The firefly luciferase gene was transfected into human embryonic kidney cells as the enzyme activity of luciferase is a sensitive marker for cellular stress.
Cells were either sham exposed or exposed for up to 90 minutes. All results represent means of 3 repeated experiments with 3 measurements, respectively.
|Exposure duration||continuous for up to 90 minutes|
|Chamber||cell monolayer inside a 35 mm petri dish|
|Setup||waveguide unit consisted of an aluminum box (60 x 17 x 17 cm) with one probe at each end generating the field; 4 discs (stubs) were used for impedance matching; reactangular waveguide was placed in an incubator and equipped with two fans working in opposite directions at both ends for temperature control (37 ± 0.3°C in incubator; temperature change in dishes was 0.07±0.03 °C (range 0.02-0.1°C) during exposure); field inhomogeneity was below 30%|
|Sham exposure||A sham exposure was conducted.|
The luciferase enzyme activity was significantly decreased after 30 and 45 minutes and significantly increased after 60 minutes of exposure compared to sham exposure.

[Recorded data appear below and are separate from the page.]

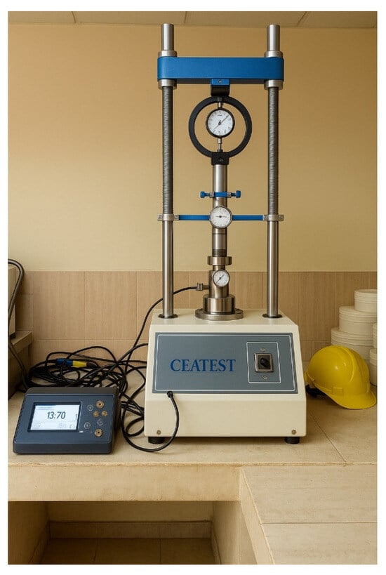 The shrinkage characteristics were evaluated following ASTM D4943-18 [32]. Compacted soil specimens were carefully trimmed to form smooth bars and coated with a thin layer of microcrystalline wax. The coated specimens were then immersed in a bath of molten wax and allowed to cool, forming a wax mold that preserved the initial volume of the specimen. The specimens were then oven-dried at 105 °C until constant mass was achieved. The shrinkage percentage was calculated as the percentage decrease in the specimens’ volume from the initial to the oven-dried state. The shrinkage coefficient, which quantifies the volume change per unit change in moisture content, was also determined using the data obtained from this test. The CBR tests were performed following ASTM D1883-21 [33]. Compacted specimens with a diameter of 152.4 mm and a height of 127 mm were prepared and subjected to either unsoaked or soaked conditions. For the unsoaked CBR, the specimens were tested immediately after compaction. For the soaked CBR, the specimens were subjected to a 96 h soaking period before testing. The CBR values were determined by measuring the resistance to penetration of a standard piston at specified deformation levels and comparing the results to the resistance of a well-graded crushed stone base material. Figure 2 shows the CBR machine.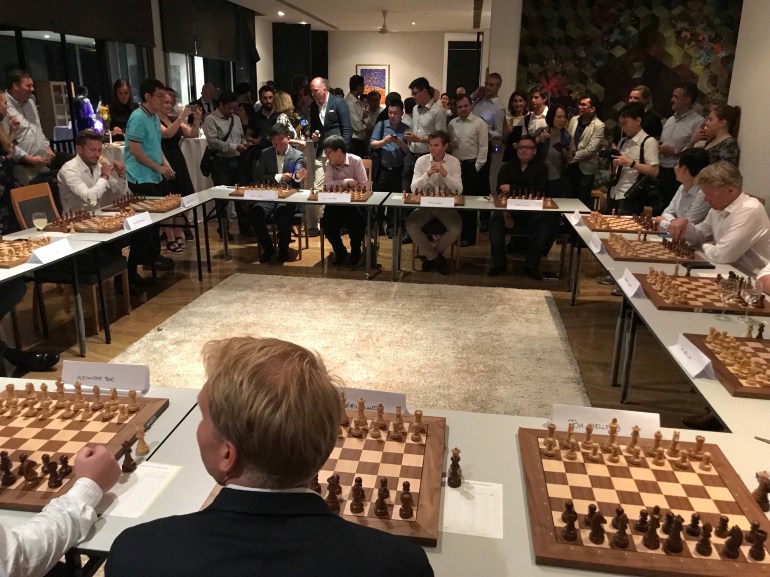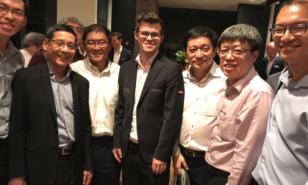 Yesterday evening, I was privileged to be able to witness current world chess champion Magnus Carlsen in action. In an event organized by the Norwegian Business Association and Simonsen Vogt Wiig law firm, Carlsen played a simul exhibition against 16 opponents at the Norwegian Ambassador’s Residence. The “opposition” were all chess amateurs, ranging from novices to the extremely strong IM and 6-time Singapore champion Kevin Goh Wei Ming. There were only 3 other players I recognized – chess historian Olimpiu Urcan, Joshua Lim Geok Hock who was a childhood chess adversary, and Dr Lee Chien Earn who is CEO of Changi General Hospital and father of one of our strongest chess juniors.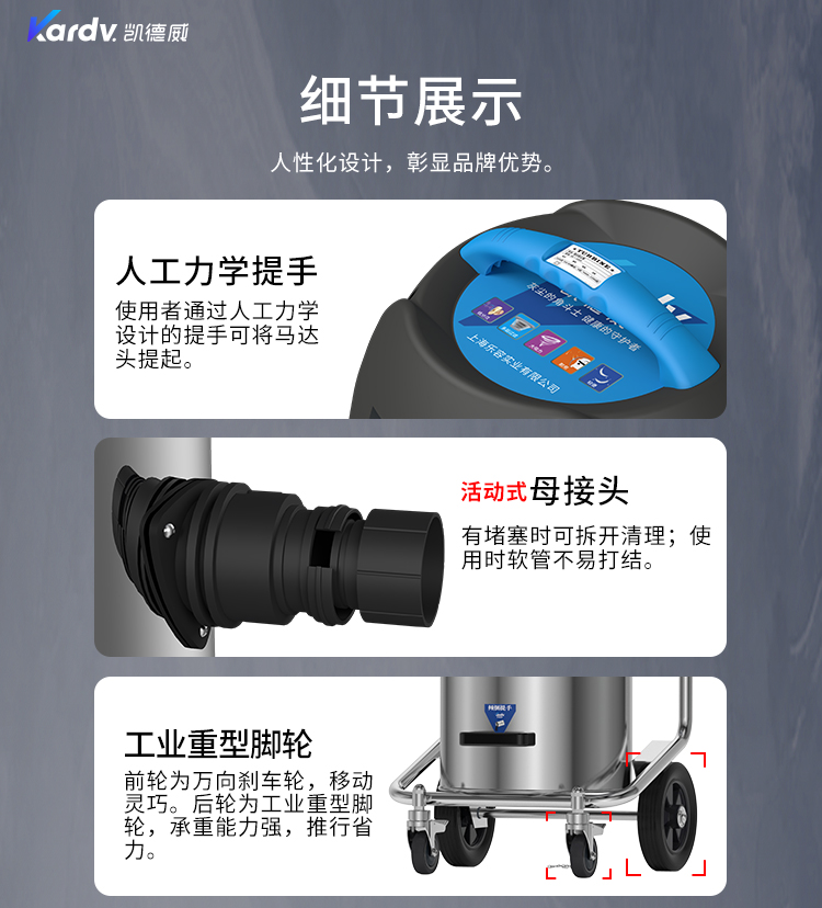 DL-1245是一款干濕兩用型吸塵器,集塵桶為45L不銹鋼材質(zhì);散熱上采用上下氣道分離設(shè)計(jì);配有置物架,可以防止工具和配件,方便使用;可以用在倉庫、廠房等;也可與其它產(chǎn)品配套使用,也可用作將廢料收集;也可使用在普通的商業(yè)、企業(yè)環(huán)境,比如一般的辦公室、客房等。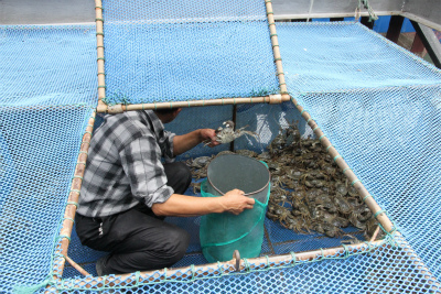 湖に面した上海蟹を選ぶエリアへ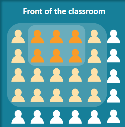 Seat students who need the most help close to the front of the room. Arrange middle performers around the lower performers. Seat highest-performing students on the periphery.

The reactive oxygen species content was significantly increased after 15, 30 and 45 minutes of exposure compared to sham exposure. The enzyme activity of superoxide dismutase was significantly increased after 30 and 45 minutes of exposure compared to sham exposure. The enzyme activity of catalase was significantly increased after 15, 30, 45 and 60 minutes of exposure compared to sham exposure. The content of reduced glutathione was significantly increased after 45 minutes of exposure, whereas the content of malondialdehyde was significantly reduced after 45 minutes compared to sham exposure.
The enzyme activity of caspase 3 and 7 was significantly increased after 45 and 90 minutes, but not after 60 minutes of exposure compared to sham exposure, showing no distinct indication for apoptosis.
The authors conclude, that an acute exposure of transgenic human embryonic kidney cells to a 940 MHz electromagnetic field could cause oxidative stress which is followed by an anti-oxidative response, what is represented by the luciferase enzyme activity.